Computational investigations of structural and energetic changes in chemical reactions at a metal-water interface pose a unique challenge of properly accounting for the effect of an aqueous environment on free energies of reactants, products and transition states while maintaining computational affordability of the model. A practical solution to this challenge is a hybrid quantum mechanics/molecular mechanics (QM/MM) approach that can provide a reasonably accurate energetic description of the complex metal-water system while offering a computational speedup of multiple orders of magnitude.

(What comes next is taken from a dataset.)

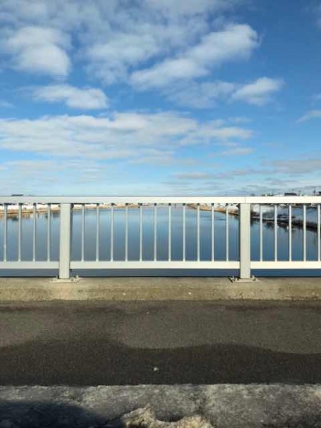 学校に一番近い橋、鶴見橋です。可愛い鶴が見守る橋です。先月のある日、鶴のつがいがゆっくりと優雅に川を渡って行きました。白鳥が訪れる日もあるのです。

            In this talk, we discuss the development of a QM/MM free energy perturbation (FEP) method for modeling heterogeneously catalyzed chemical reactions at metal-water interfaces. This novel QM/MM framework combines planewave density function theory (DFT), periodic electrostatic embedded cluster method (PEECM) calculations using Gaussian-type orbitals, and classical molecular dynamics (MD) simulations to obtain an accurate energetic description of the complex metal-water system. We derive a potential of mean force (PMF) description of the reaction system within the QM/MM framework. A fixed-size, finite ensemble of MM conformations is used to permit a precise evaluation of the PMF of QM coordinates and its gradient defined within this ensemble. Local conformations of adsorbed reaction moieties are optimized using sequential MD-sampling and QM-optimization steps. The reaction coordinate is constructed using sufficient number of interpolated states, and free energy difference between adjacent states is calculated using QM/MM-FEP method. By avoiding on-the-fly QM calculations and by circumventing the challenges associated with statistical averaging during MD sampling, a computational speedup of multiple orders of magnitude is realized. The method is systematically validated against the results of ab initio QM calculations and demonstrated for C-C cleavage in double-dehydrogenated ethylene glycol on Pt (111) surface.